2.3 Formation of Electrospun Scaffolds

To generate electrospun scaffolds for meniscus defect repair, 14.3% w/v poly(ε-caprolactone) (PCL, 80 kDa, Sigma-Aldrich, St. Louis MO) in a 1:1 mixture of tetrahydrofuran (THF, Fisher Chemical, Fairlawn NJ) and N,N-dimethylformamide (DMF, Fisher Chemical) was mixed overnight. A 20 mL syringe was filled with PCL electrospinning solution and fitted with a stainless steel 18G blunt-ended needle that served as a charged spinneret. A flow rate of 2.5 mL/h was maintained for 8 hours with a syringe pump (KDS100, KD Scientific, Holliston, MA). A power supply (ES30N-5W, Gamma High Voltage Research, Inc., Ormond Beach, FL) applied a +13 kV potential difference between the spinneret and the grounded mandrel located at a distance of 12 cm from the spinneret. Additionally, two aluminum shields charged to +10 kV were placed perpendicular to and on either side of the mandrel to better direct the fibers towards the grounded mandrel. The mandrel was rotated via a belt mechanism conjoined to an AC motor (Pacesetter 34R, Bodine Electric, Chicago, IL) at a speed of 10 m/sec to form 800 μm thick mats.

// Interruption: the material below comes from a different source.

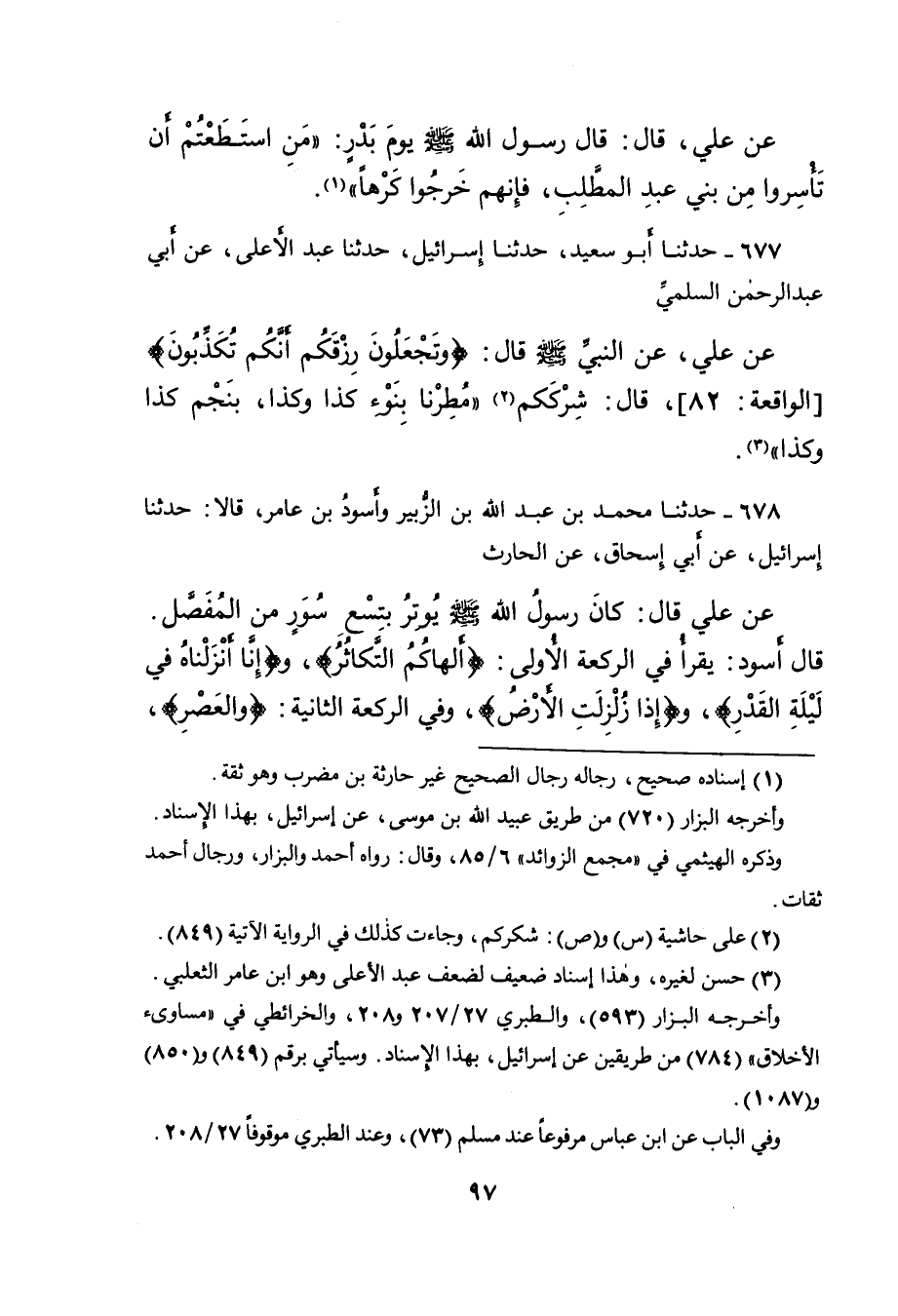 ٦٧٨ - حَدَّثَنَا مُحَمَّدُ بْنُ عَبْدِ اللهِ بْنِ الزُّبَيْرِ، وَأَسْوَدُ بْنُ عَامِرٍ، قَالا: حَدَّثَنَا إِسْرَائِيلُ، عَنْ أَبِي إِسْحَاقَ، عَنِ الْحَارِثِ، عَنْ عَلِيٍّ، قَالَ: " كَانَ رَسُولُ اللهِ صَلَّى اللهُ عَلَيْهِ وَسَلَّمَ يُوتِرُ بِتِسْعِ سُوَرٍ مِنَ الْمُفَصَّلِ " قَالَ أَسْوَدُ: " يَقْرَأُ فِي الرَّكْعَةِ الْأُولَى: أَلْهَاكُمِ التَّكَاثُرُ، وَإِنَّا أَنْزَلْنَاهُ فِي لَيْلَةِ الْقَدْرِ، وَإِذَا زُلْزِلَتِ الْأَرْضُ، وَفِي الرَّكْعَةِ الثَّانِيَةِ: وَالْعَصْرِ،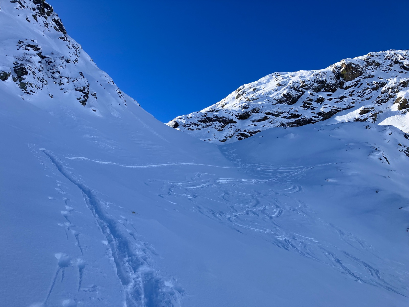 Dank einer Dreiergruppe war bis zum Schlappiner Joch bereits gespurt und der Rest dann dank einer großen Schweizer Splittboardergruppe fast schon eine "Autobahn". Die steile N-O-Rinne habe ich die besagte Gruppe gerne vorgelassen, weil wenn die Rinne nicht eingefahren gewesen wäre, hätte ich mir die bei der Lawinenlage wohl kaum getraut. So gab es dann in den schönen Hängen nach der Rinne tollen Pulverschnee und ausnahmsweise mal keinen Steinkontakt. Früher waren doch im Idealfall die meisten Hochwinter-Skitouren so ...

2.4 Evaluation of Meniscus-to-Scaffold Repair

After scaffold fabrication, 4 mm scaffold discs were excised using a dermal punch and sterilized under UV light for 10 minutes. Meniscus constructs were created as previously described, but instead of reinserting the central core of tissue, an acellular disc of scaffold was press fit into the defect (Figure 1C). The scaffold repair constructs were cultured in 5 different growth factor regimens: control, continual 50 ng/mL bFGF, 1 week of bFGF, continual 10 ng/mL TGF-β3, or combined 1 week bFGF and continual TGF-β3 (n=8–10/condition). Two replicate experiments were performed for control and TGF-β3 conditions. After 4 weeks, mechanical integration was assessed as described above, with the height (h) of the scaffold disc measured using an OptoNCDT laser measuring device (Micro-Epsilon, Raleigh, NC) after testing. Scaffolds were digested and analyzed for biochemical content as previously described. Similarly, histology was performed by fixing samples in 4% PFA, embedding in Cryo-OCT Compound (Tissue Tek, Fisher, Fairlawn, NJ) with an axial orientation, sectioning and staining as previously described.

2.5 Statistical Analysis

Two-way ANOVA was performed using SYSTAT software (Chicago, IL) to compare time points and conditions, with Tukey's post-hoc testing of differences between groups. Significance was set at p ≤ 0.05.

3 Results

3.1 Evaluation of Meniscus-to-Meniscus Repair with Growth Factor Addition

Meniscus-to-meniscus repair constructs were formed and cultured in vitro. Overall, and similar to previous findings [30], juvenile tissue integrated to a greater extent than adult tissue, with 2-to 4-fold differences in integration strength after 8 weeks (Figure 2A,B). After 8 weeks, short-term (1 week) delivery of 50 ng/mL bFGF resulted in better integration compared to control conditions or continual addition of bFGF, for both juvenile and adult tissue (p < 0.05). Exposure to TGF-β3 resulted in greater improvements in integration strength compared to all non-TGF-β3 groups after 4 weeks in juvenile and after 8 weeks in adult meniscus-to-meniscus samples (p < 0.05). In this context, transient bFGF did not further improve repair. Interestingly, continual delivery of bFGF in the context of continual TGF-β3 reduced integration strength to levels comparable to those found in the absence of TGF-β3 (p < 0.05). Transient (1 week) exposure to TGF-β3 resulted in comparable integration strength to continual TGF-β3 exposure at 4 weeks, but integration strength was lower after 8 weeks under this condition. No major changes were seen in explant morphology, except for a slight decrease in diameter for control juvenile explants.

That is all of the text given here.